Remember what it was like the first time you failed, and failed miserably? How did that affect who you are today? Did you change the way you approached something, how you dealt with situations in later years, did it make you re-think how you handled a task, or even your responses to someone?
I am of the firm belief that failure teaches us. First and foremost, it teaches us humility. Something that our society, and a new generation of young people don't necessarily have much of now days. We will be surely facing a group of young people, many of whom will be completely deflated, as they face the first time they weren't awarded for 'showing up'. Living under the grand delusion that they are so unique, they will eventually become cynical beings who learned too late in their lives that even though we are all unique, wonderful characters in our own right, we really aren't that much different from our fellow man. No sparkly, shiny 'happily ever after' in sight, they will miss the teachable moments. They will miss out on the upside of failure, the ability to learn something new.
Edison, Ford, and Einstein were blissful failures at many points in their lives. Those failures of their own making ensured that we had new understandings, deeper meanings, and a better quality of life. I do not make these things up. Look up the real history behind these men, you will find that (and is usually the tale we tell our grade school children who struggle with math) Einstein failed math in grade school ~ miserably. The difference in he and others? They had the ability to look beyond the failure, press onward, hope that there might be some other way to accomplish what was needed to succeed.
Missing too, is the opportunity to reflect on past errors. There's a camaraderie with parents when they share their tales of parenting horrors. "Been there, done that" is almost dismissive. Assuring one another that being human, making an error, learning how to correct our past failings, it brings us closer together as people. You are not alone....
When our parents were growing up, some of their parents imparted the past failures of their lives so that they would not have to replicate the same mistake. Alas, much as in human nature, children do not always heed their parents' cautionary tales of mistakes. They, in turn, suffer many of the same failures, or worse, create even more issues that were not there to begin with. No matter what we do, inevitably, our children will forge their own path in this world, making some of the same mistakes along the way. It is our responsibility to be there. Not to pick them up every time, but to re-assure them that they are still valuable, productive members of society, and that this is just a temporary set back, NOT the end of the world.
Think about a given trade or career. A world class chef will tell you that there were numerous failed attempts at dishes that they are now renowned for. An engineer learns, not only from his own mistakes made, but studying previous mistakes made by others.
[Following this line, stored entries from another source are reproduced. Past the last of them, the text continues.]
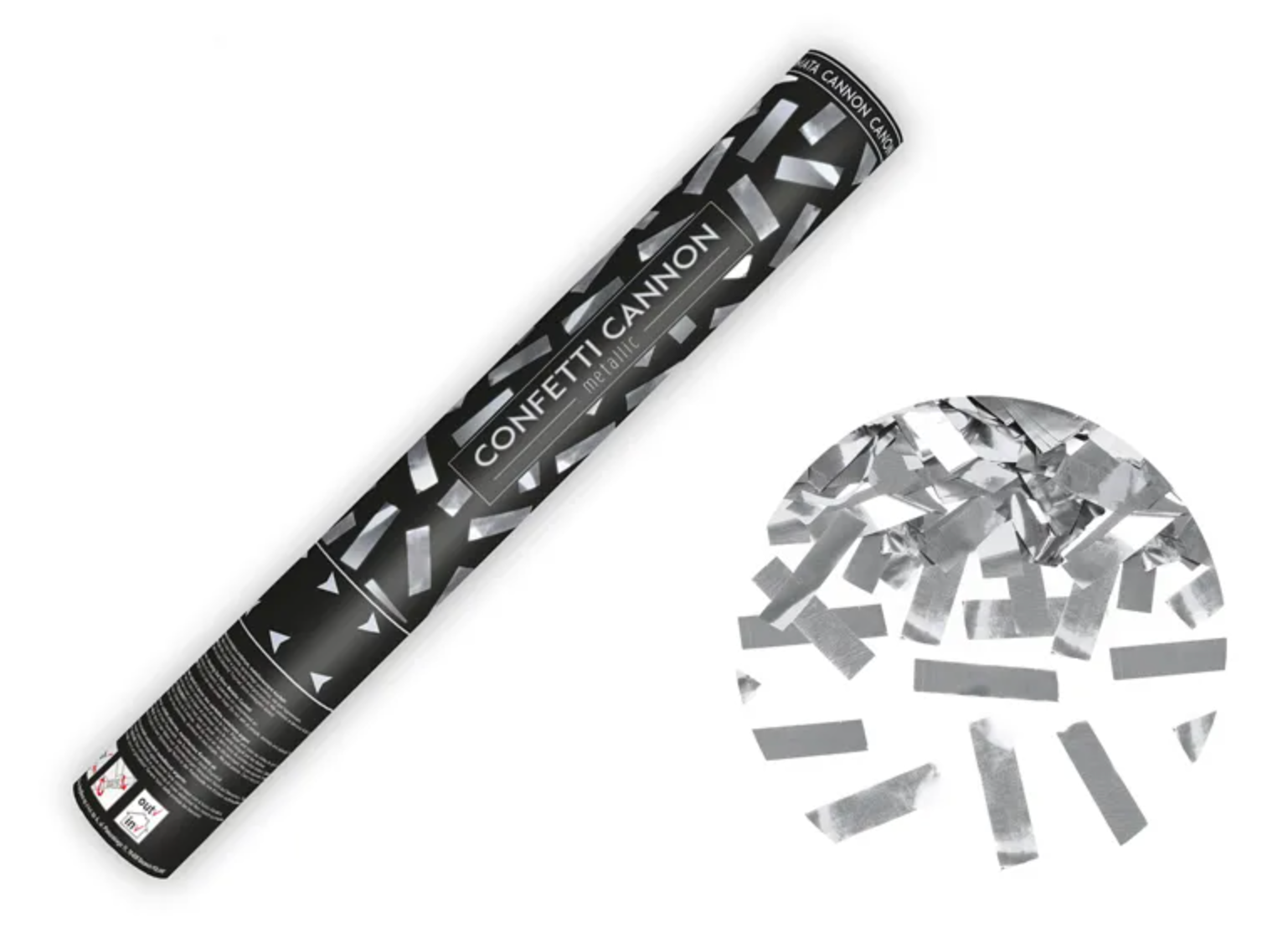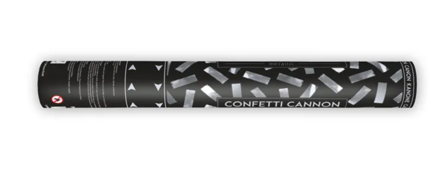 Tuba strzelająca metalicznym konfetti w kolorze srebrnym, długość 40 centymetrów. Czytaj więcej
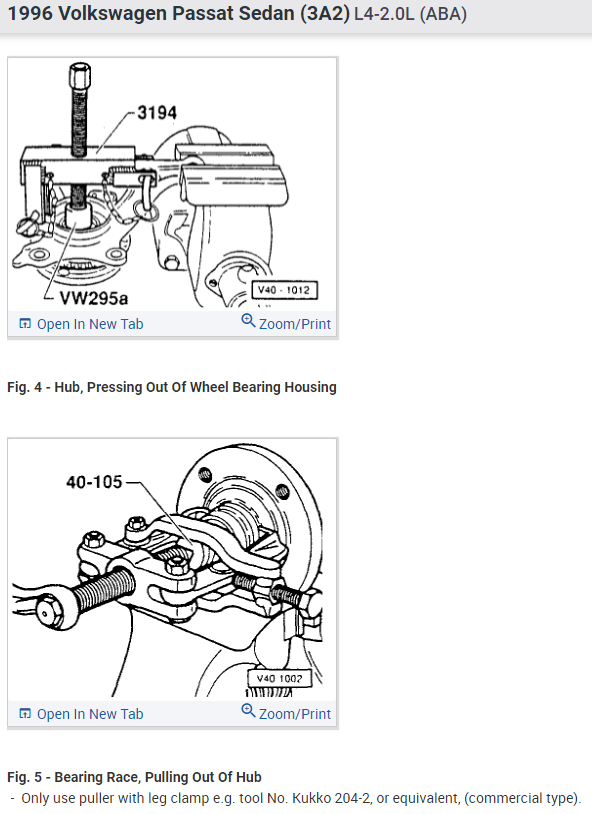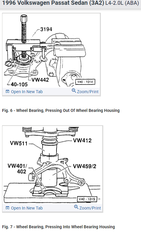 1996 VW Passat mileage: 116,000. There is a sound like driving over a grooved surface, but no vibration. The sound varies with car speed, and is not affected by engaging or disengaging the clutch (gear doesn't matter either). The sound gets very loud at highway speeds. I raised the car and spun each wheel. The right front wheel makes a rumbling sound when I spin it (the left front and the rears are silent). I think that I have a wheel bearing problem, but am not sure if I can change it myself or if I will need to pull the hub and have a machine shop press out the old one and press in the new one. Also, if I have to pull the hub, will I need to have it re-aligned? Any advice appreciated!
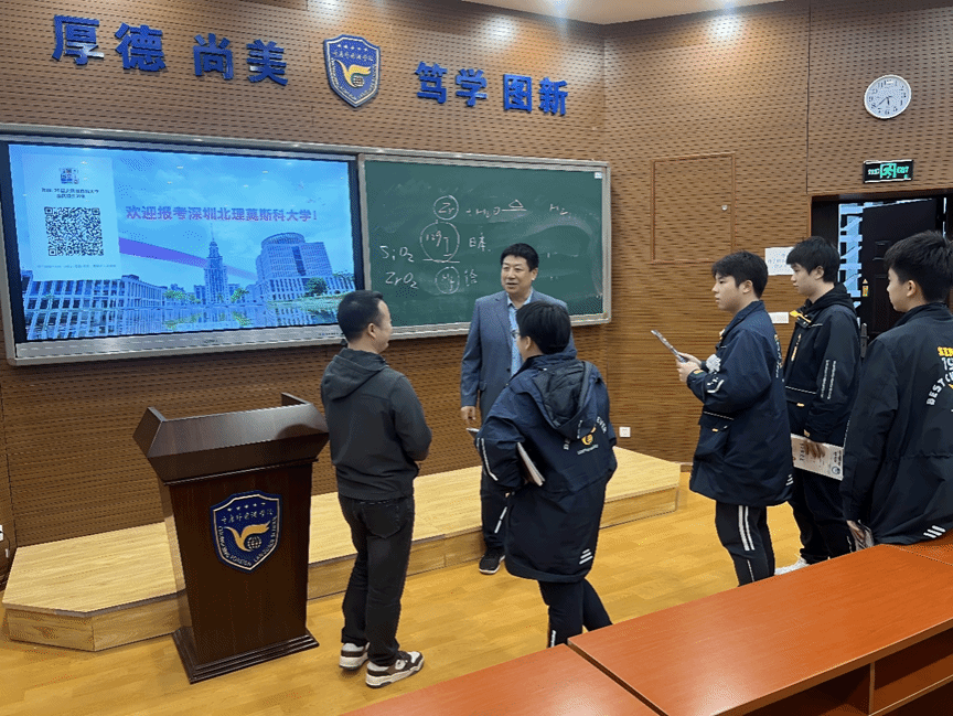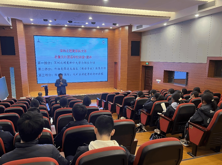 11 月 18 日,招生組抵達(dá)重慶外國語學(xué)校。張東翔教授再次登臺,為 40 名學(xué)生進(jìn)行了一場內(nèi)容豐富、生動形象的招生宣講和科普報告。同時,重慶招生組秘書李嘉莉在宣講會上詳細(xì)講解了深北莫 2025 年俄語專業(yè)保送生招生政策,為有意向的學(xué)生提供了寶貴的升學(xué)指導(dǎo)。

A successful businessman will tell you that they studied other's mistakes, as well as their own, in order to 'build a better widget'.
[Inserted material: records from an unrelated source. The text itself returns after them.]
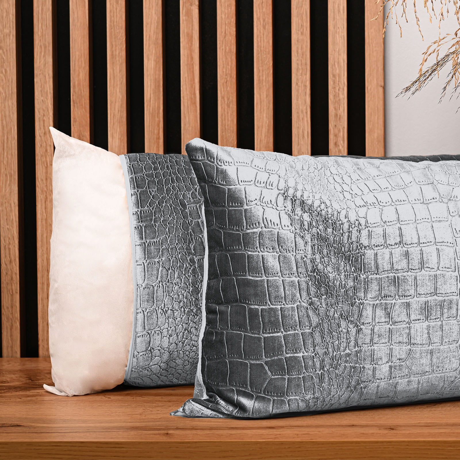 Dekoracyjna poszewka na poduszkę 40x80 cm w kolorze popielatym z tkaniny welurowej z wytłaczanym wzorem “skóra krokodyla”
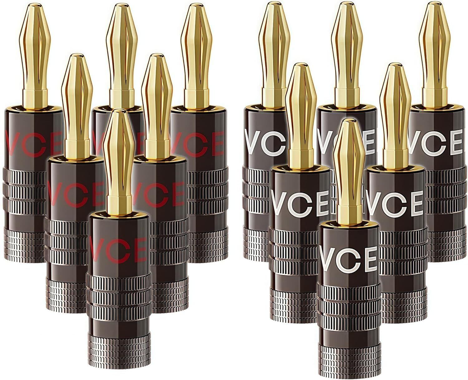 【在庫処分】VCELINK バナナプラグ 12個(6ペア) 24金メッキ スピーカーケーブル バナナ端子 ソルダーレス 12-18AWGケーブル、アンプ、壁プレート、ホームシアター用
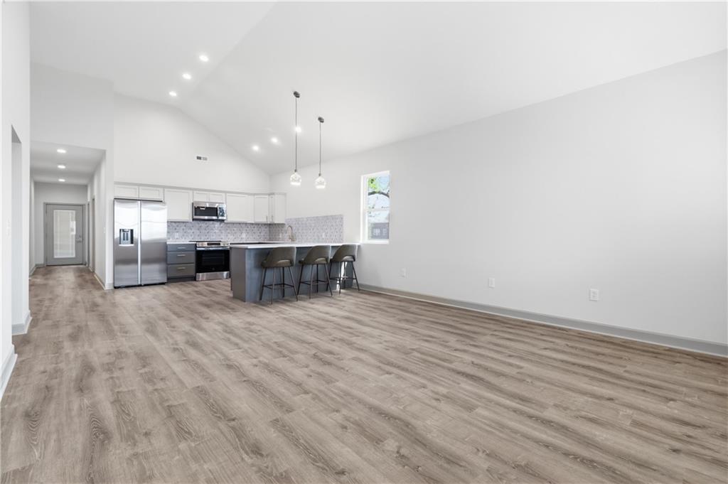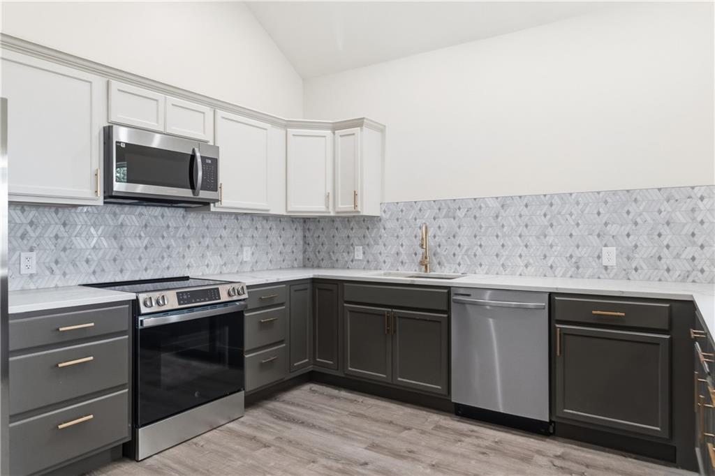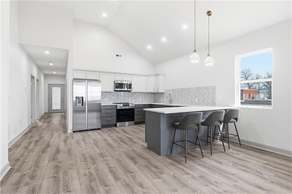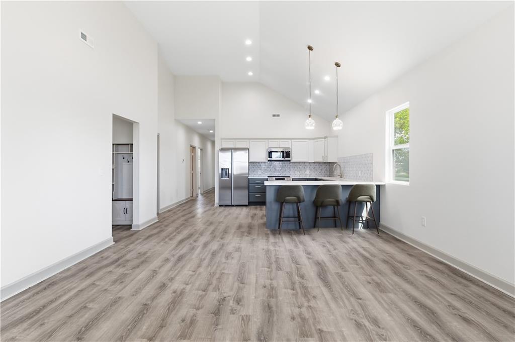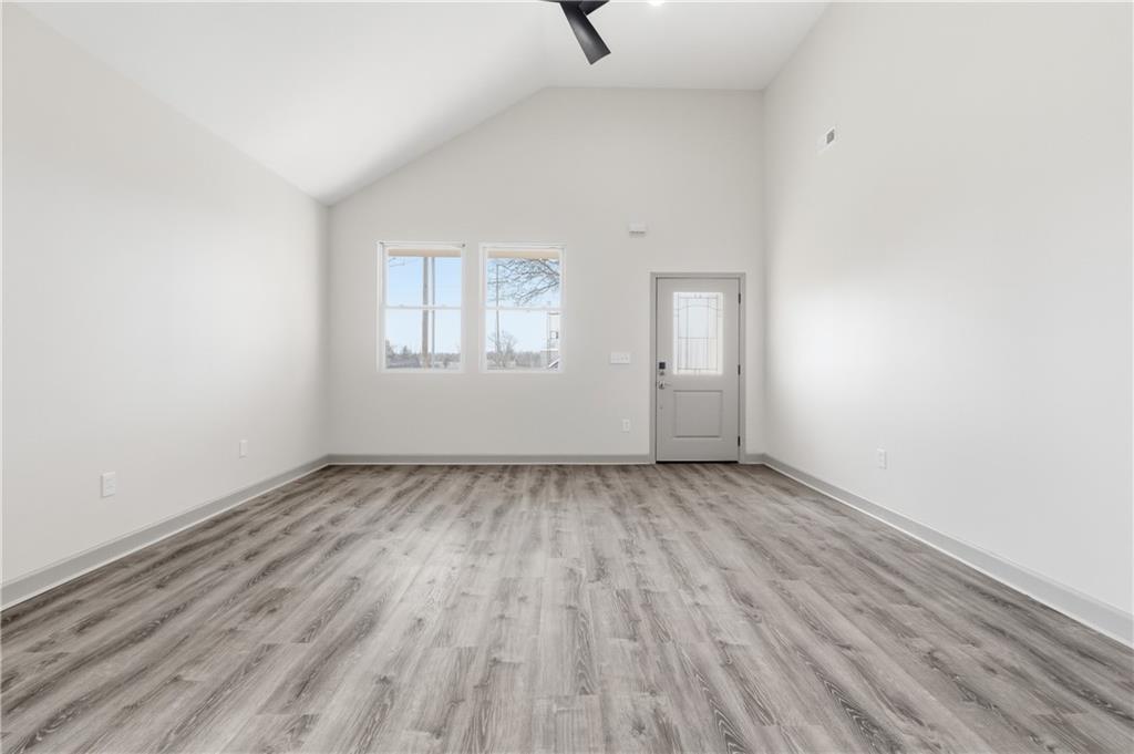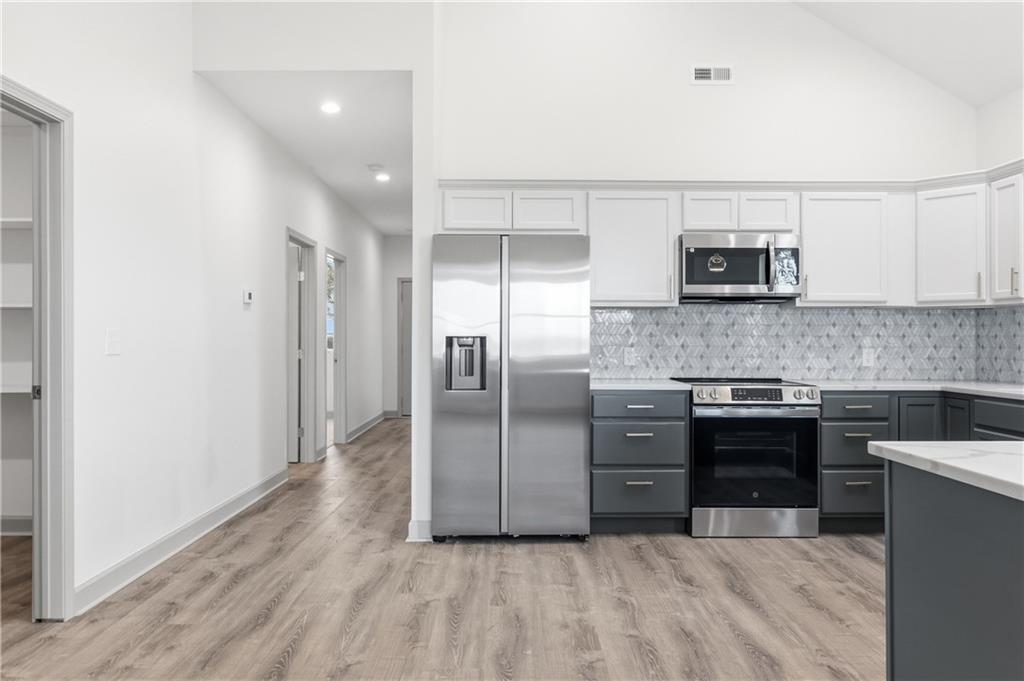 Welcome to this stunning brand-new construction home offering over 1,800 square feet of thoughtfully designed living space. This 3-bedroom, 2-bath home features a bright and open layout, highlighted by a spacious living room with impressive 16-foot vaulted ceilings and abundant natural light, while the remainder of the home offers comfortable 9-foot ceilings throughout. The modern kitchen is a true centerpiece, complete with sleek quartz countertops, a stylish marble backsplash, stainless steel appliances, and an oversized pantry providing ample storage. Durable and attractive LVP flooring flows seamlessly through the living, dining, and kitchen areas. The private primary suite serves as a relaxing retreat, featuring a spa-like bathroom with a double vanity, quartz countertops, and a beautifully tiled walk-in shower. The suite also includes a walk-in closet with built-in shelving for optimal organization. Each bedroom is equipped with ceiling fans for added comfort. Step outside to a brand-new deck, perfect for relaxing or entertaining. This is the one you’ve been waiting for—don’t let it slip away!

Failure teaches us to become more industrious, 'think outside of the box', manage our time better, become better stewards in society, and above all, allows us to be human. When something doesn't go 'our way', we don't need to have a melt down, nor do we have to beat ourselves up (although, most likely, many of us will do one of those things at one point or another). It allows us to empathize with others, letting them know that they are not alone in their daily dilemma. It brings us together, allows us to care, makes us more human, and gives us the opportunity to allow ourselves to recover.
So, let your kid fail now, when they're young. Allow them for those moments of disappointment in themselves. Assure them that it is part of the learning process. They will become more well-rounded, clearer thinking adults when they have to face those demons in later years.
As Alexander Pope once wrote: "To err is human; to forgive, Divine".
Isn't it nice to think that we are modeling the concept of our Maker, who, upon seeing our faults, still loves us, no matter what? With that, we can move on to be better, wiser souls.